Voices that help us understand that the real awakening of Mexico lies not just in legislative reforms; it entails the dismantling of what still remains of the old authoritarian system and the beginning of new codes of citizen conduct. A united front against the return of some of the worst vices of the past under the new PRI. A citizen coalition so that our eyes don’t remain wide shut. The task is Herculean, and it involves us all; every person reading this text who cares about Mexico. As for me, I am ready to work with more determination than ever in the only way I know: with words. And affiliated to the only party I belong to. Ours.

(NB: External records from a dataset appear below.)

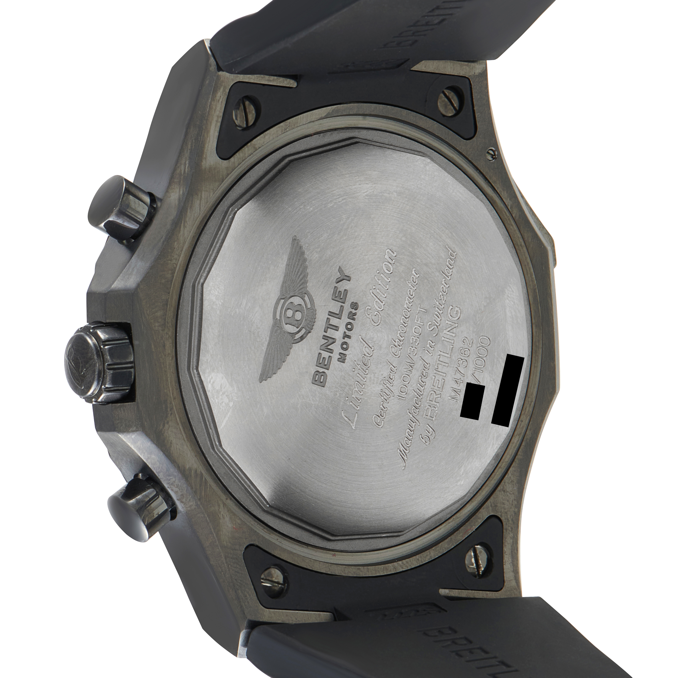 This pre-owned Breitling Bentley GMT Midnight Carbon PVD Steel Watch M47362 comes with papers and a gift box.
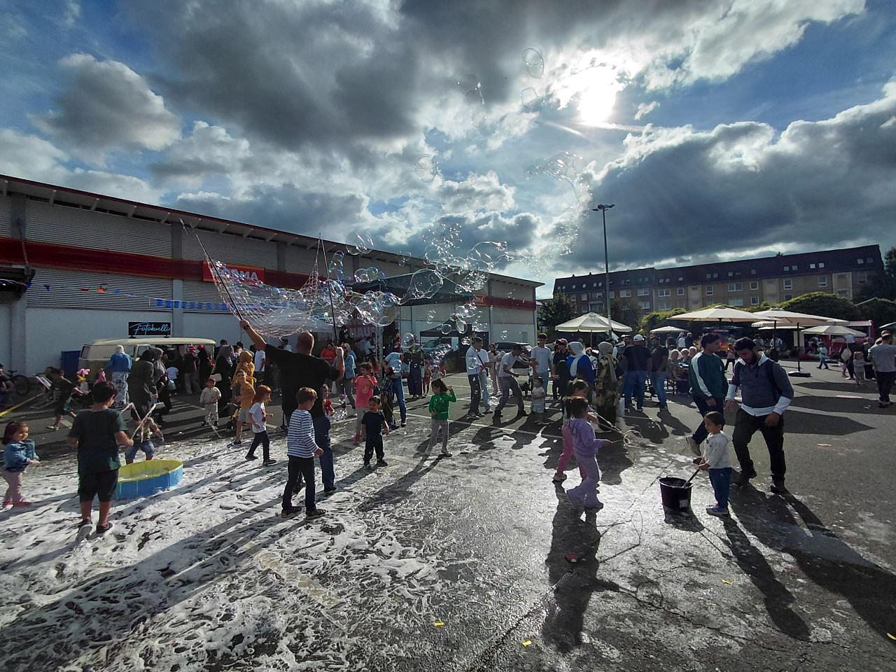 Während die Stände teilweise noch im Aufbau waren, gab es bereits beschwingte Livemusik von der Band Brise Manouche. Nach und nach trudelten zahlreiche Familien aus den Häusern der näheren Umgebung ein und vor allem die dutzenden Kinder und Jugendlichen trafen viele Freunde. Verschiedene soziale Träger hatten circa 20 Mitmachangebote vorbereitet, welche rege genutzt wurden.
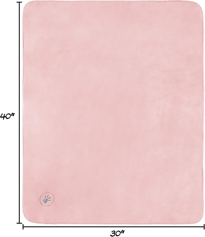 - PRODUCT DETAILS - Materials: Polyester 250GSM Flannel, PU Water-Resistant Coating, and 230GSM Sherpa Polyester Fleece. Dimensions: (L) 40” x (W) 30” x (H) 0.25”. Color: Pink with Embroidered Paw Design.

Perhaps today I am being a bit of a romantic, but I think of Mexico, and I think of more than the good, the bad, and the ugly. I think about my daughter Julia’s wild, curly Mexican hair; the nostalgia for Carlos Fuentes and Carlos Monsivaís and Germán Dehesa who left such a good legacy behind them; the growing urgency that I and many feel for justice and dignity for all. I think of the sun setting over the sea in San Pancho, a miniscule town north of Punta Mita; the sound of the organ grinder walking down the streets of the Condesa; the majesty and the mystery of the intricate ruins in Mitla; every meal I’ve ever had at Dulce Patria restaurant; or simply riding a bike down Paseo de la Reforma amidst the boisterous crowds on a Sunday morning. I think about the risk of losing our home — our patria — like those who have suffered that fate due to the omnipresent violence in Michoacán, and I think about the opportunity of recovering it. Of achieving what Rosario Castellanos wanted: “that justice be felt among us.” It is exciting to be Mexican in these times, even if one does have to coexist with the return of the PRI. I am grateful for that grace. I don’t believe we are unchangeable; I don’t believe we are unmovable; I don’t believe we are inferior to others or that we deserve any less. We are from the most transparent region of the air. Fortunately, we are from Mexico.

Denise Dresser is a professor of Political Science at the Instituto Tecnológico Autónomo de México (ITAM) and a columnist for the newspaper Reforma and the news weekly Proceso. She spoke for CLAS on February 10, 2014.